Sorry about all the questions but will be moving later this year with wife and 3 children 7/9/12 and looking for good ares to live that is safe for kids to play out.i have budget of 250k need 4 beds + and preferably with private pool.We have been looking at Arabian Ranches which looks poerfect but wanted to hear if anyone lives on different complexes that have similar facilities for kids etc
thanks for all your advice


----------



## neilrock (May 7, 2011)

It will depend on what you are after.... I've just moved here and, Arabian Ranches is a bit far out but, I've heard good things about it.... I've got 2 kids and thinking about the Marina or Emirates Hills area.
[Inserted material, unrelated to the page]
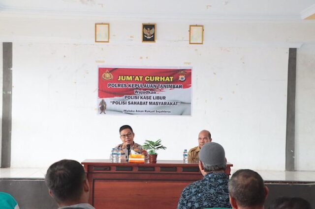 Tribratanews.polrestanimbar.com – Polda Maluku, Kepolisian Resor Kepulauan Tanimbar, Guna menggali inspirasi dan menjalin silaturahmi dengan Masyarakat di wilayah Kota Saumlaki, Polres Kepulauan Tanimbar menggelar Jumat Curhat wujudkan Polisi Keselibur (Polisi Sahabat Masyarakat), bertempat di Aula Bhayangkara Polres Kepulauan Tanimbar, Jumat (14/06/24).

Sent from my iPhone using ExpatForum


----------



## dubaibound3 (Jun 9, 2011)

location to me isnt that important as long as it has facilities on site and a community for the kids


----------



## stevieboy1980 (Sep 9, 2008)

250K is a great budget. we live in a 5 bed with a pool but the area isnt quite developed yet, although its just right for us. arabian ranches is a good choice, we lived there before.


----------



## Confiture (Jan 9, 2011)

Your kids school will / should have an influence at least.

Common advice is to fix the school then find a good area within easy driving distance. Most of the schools have waiting lists, whereas properties are more readily available.

A colleague of mine did it the other way and fixed up a years contract living in Jumeirah Beach but the only school he could find for his kid is 40 minutes drive each way.


----------